A policy that agents must remember. In other words: I was running Kubernetes with a sticky note on the monitor that says please redeploy after editing the YAML. I would never accept that on my cluster. My brain ran on it for months.

The fix took an afternoon

Two pieces, both boring on purpose.

exo status — the OutOfSync badge. The indexer now stores a content hash per note; status re-hashes the vault and diffs:

{
  "status": "OutOfSync",
  "modified": ["vault/10-notes/interests-themes.md"],
  "new": [],
  "deleted": [],
  "repair": "exo index"
}

Exit code 0 when synced, 1 when not — so scripts and CI can ask the question too, exactly like argocd app get.

Git hooks — the selfHeal. Versioned hooks (core.hooksPath .githooks) on post-commit and post-merge rebuild the index after every commit and pull:

command -v exo >/dev/null 2>&1 || exit 0
EXO_ROOT="$(git rev-parse --show-toplevel)"
exo index >/dev/null 2>&1 && echo "exo: index reconciled (Synced)"

Now every git commit in the vault prints exo: index reconciled (Synced) on its way out. The rule didn’t change — files win — but it stopped being something agents must remember and became something a machine enforces. That’s the entire difference between configuration management and GitOps, replayed at the knowledge layer.

The part where it gets a little strange

The reason I’m writing this post at all: I didn’t have this idea. A scheduled agent did, on what I can only describe as an idle walk.

My vault has a weekly cron job — we call it the Wanderer — that samples pairs of notes that are far apart: different folders, different months, almost no shared vocabulary. A headless Claude gets the pairs with exactly one task: read both notes in full and say whether anything genuinely connects. “Nothing connects” is a successful run. That last sentence is load-bearing — the run always reports its result either way, so the agent never needs to manufacture a finding to have done its job.

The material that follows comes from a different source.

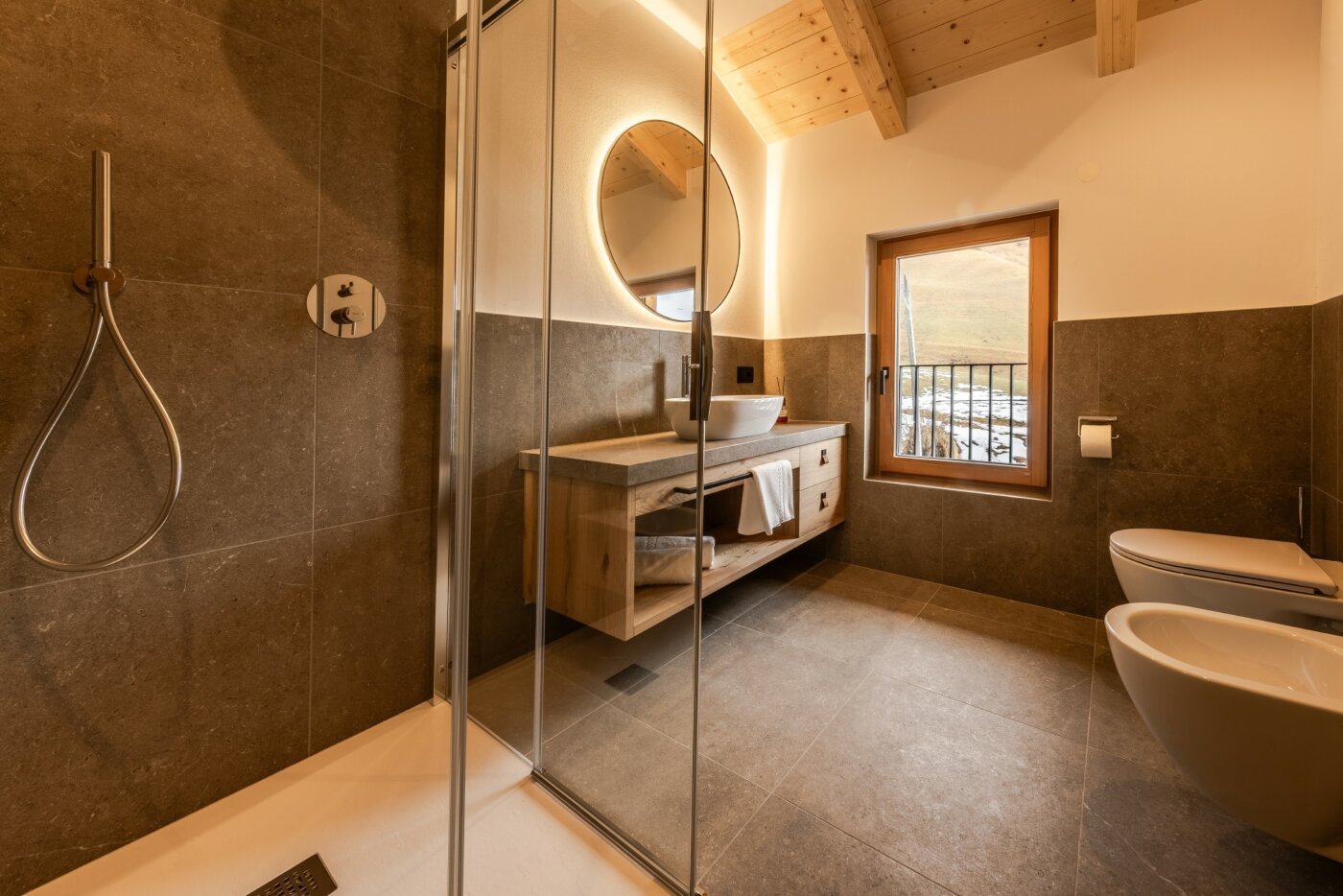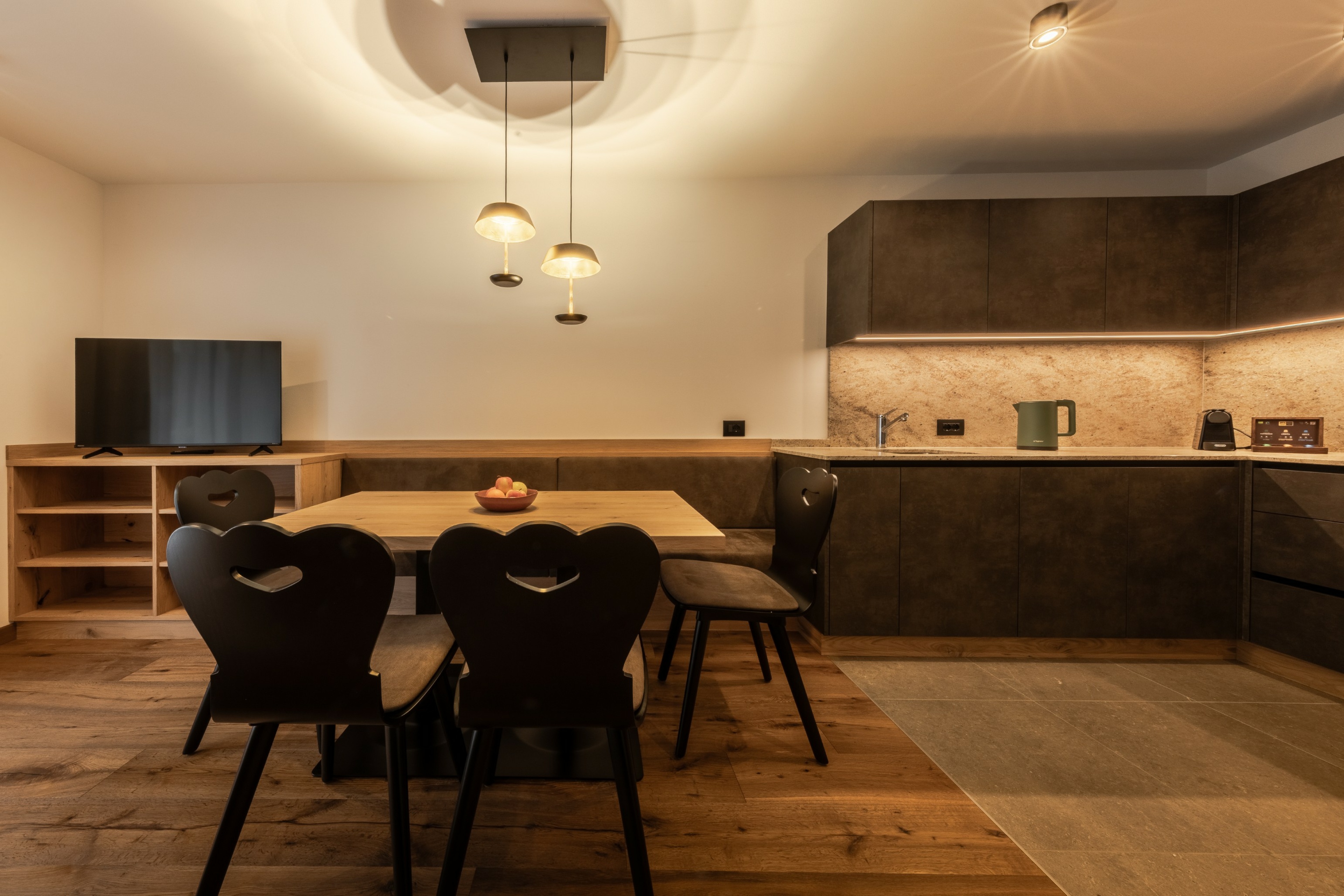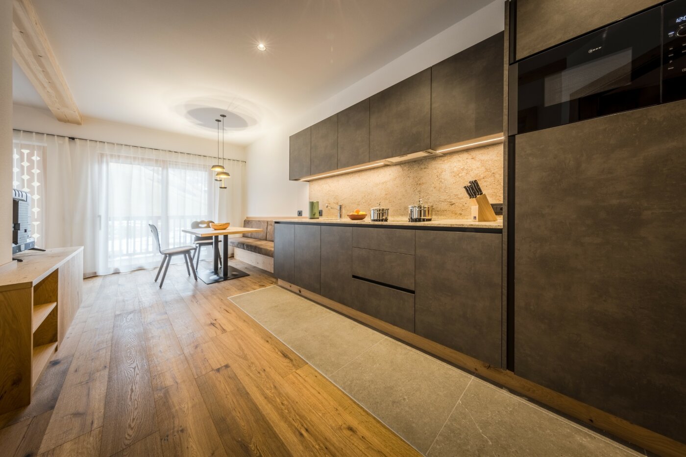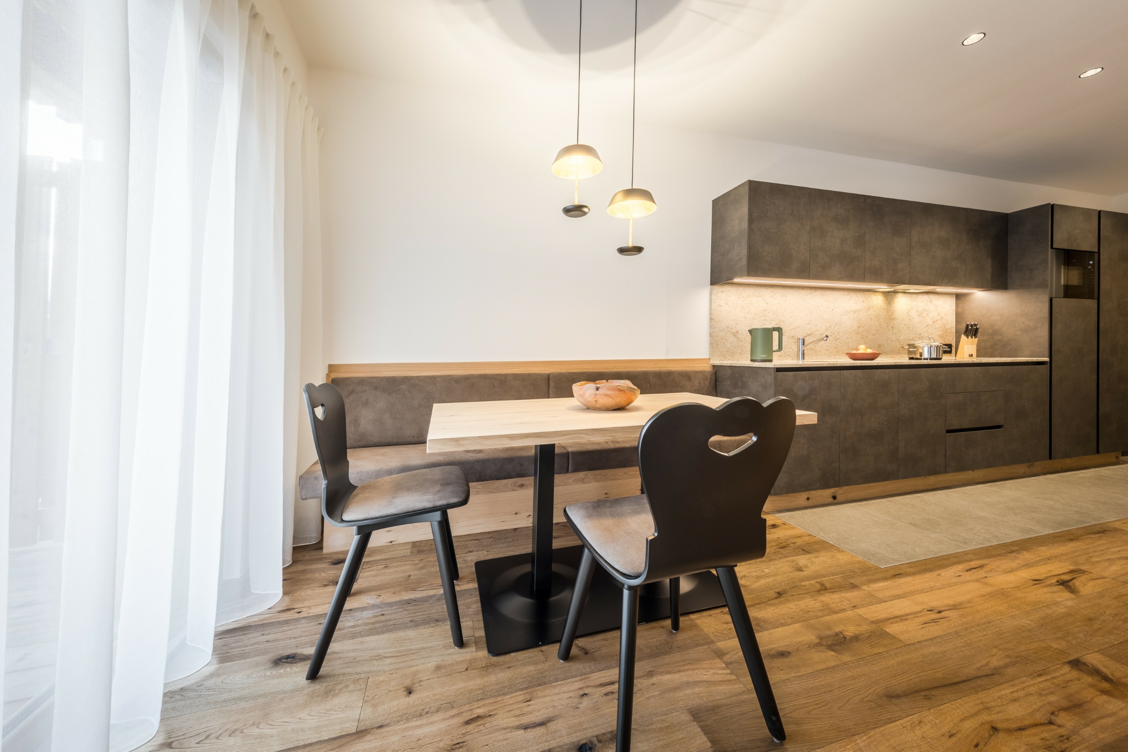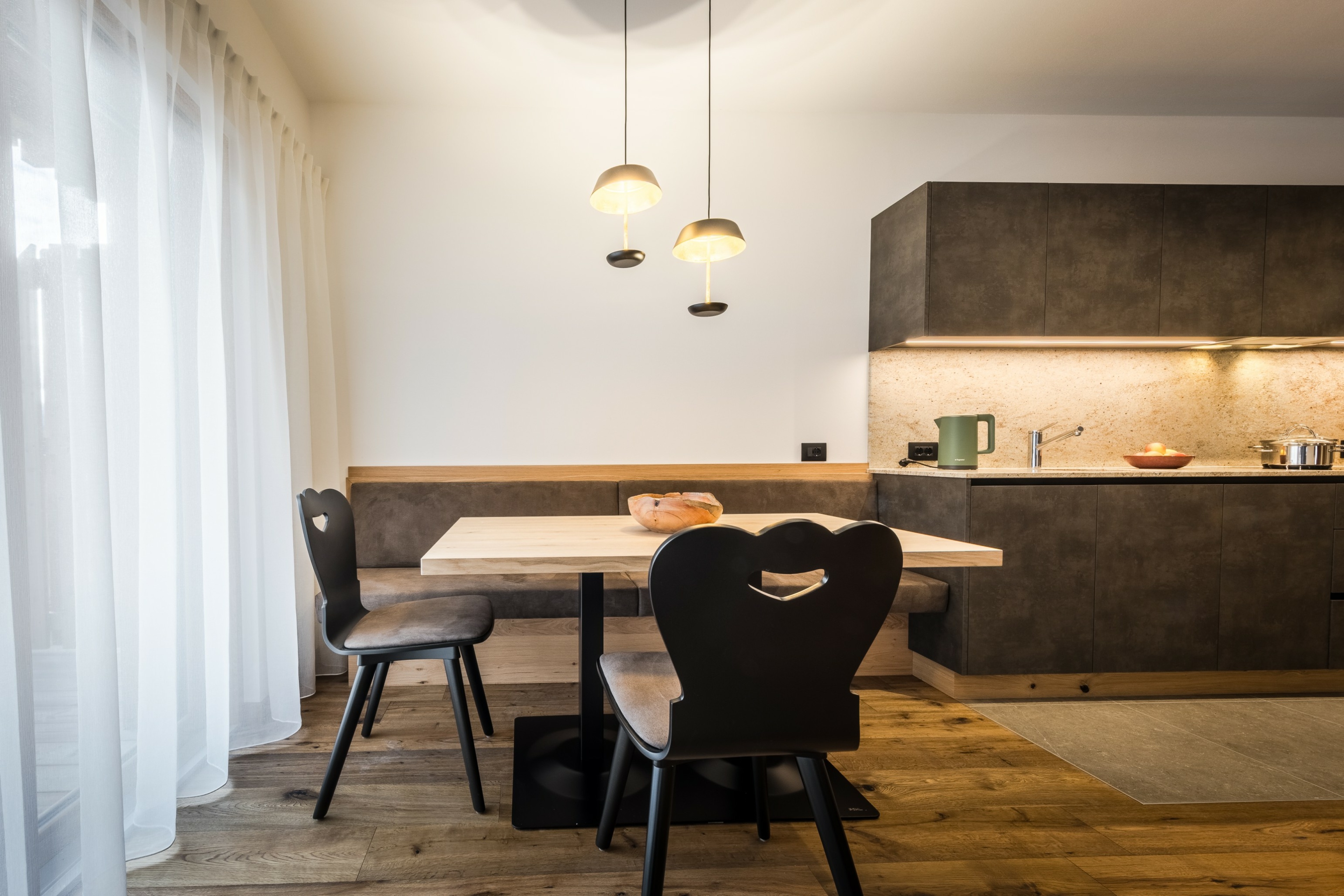 L’immobile è arredato con pregiato legno locale e si distingue per linee eleganti e armoniose, pensate per garantire il massimo comfort durante il vostro soggiorno nelle Dolomiti.

On its very first walk, it collided a work note about Terraform-driven S3 provisioning with the architecture map of the vault itself, and wrote: same sentence in different clothes — and the brain copy is missing its reconciler. Then it listed the two fixes you just read about.

Retrieval answers the questions you ask. Distant collisions surface the questions you didn’t know you had. It turns out my second brain didn’t need to get better at remembering — it needed to occasionally interrupt me.

If you keep a vault

Whatever your stack — Obsidian, org-mode, a folder of markdown — if anything derives from your notes (an index, embeddings, a published site), then you have source of truth and derived state, and the GitOps question applies: who notices when they drift? If the answer is “I do, hopefully,” you’re running the sticky-note era. Give it a badge and a loop. It’s an afternoon.